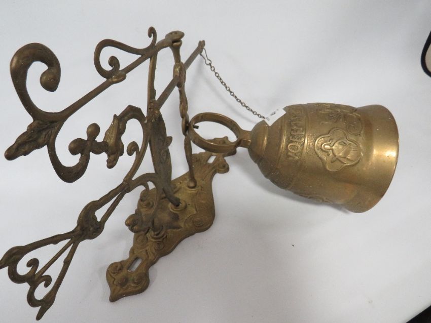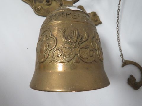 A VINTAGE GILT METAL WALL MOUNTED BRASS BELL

────

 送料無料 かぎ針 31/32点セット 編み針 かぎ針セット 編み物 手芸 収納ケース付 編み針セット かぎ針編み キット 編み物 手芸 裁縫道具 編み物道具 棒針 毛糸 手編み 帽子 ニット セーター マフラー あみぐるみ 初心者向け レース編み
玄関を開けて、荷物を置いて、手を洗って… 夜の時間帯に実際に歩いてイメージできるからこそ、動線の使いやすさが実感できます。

────

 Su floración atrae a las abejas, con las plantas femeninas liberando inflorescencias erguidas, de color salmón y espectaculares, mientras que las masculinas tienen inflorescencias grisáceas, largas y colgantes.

────

> [Task description]: In the data above, which lines lie between the line with "送料無料 かぎ針 31/32点セット" and the line with "玄関を開けて、荷物を置いて、", inclusive? Print those lines exactly and nothing else.

> [Answer to this task]:
 送料無料 かぎ針 31/32点セット 編み針 かぎ針セット 編み物 手芸 収納ケース付 編み針セット かぎ針編み キット 編み物 手芸 裁縫道具 編み物道具 棒針 毛糸 手編み 帽子 ニット セーター マフラー あみぐるみ 初心者向け レース編み
玄関を開けて、荷物を置いて、手を洗って… 夜の時間帯に実際に歩いてイメージできるからこそ、動線の使いやすさが実感できます。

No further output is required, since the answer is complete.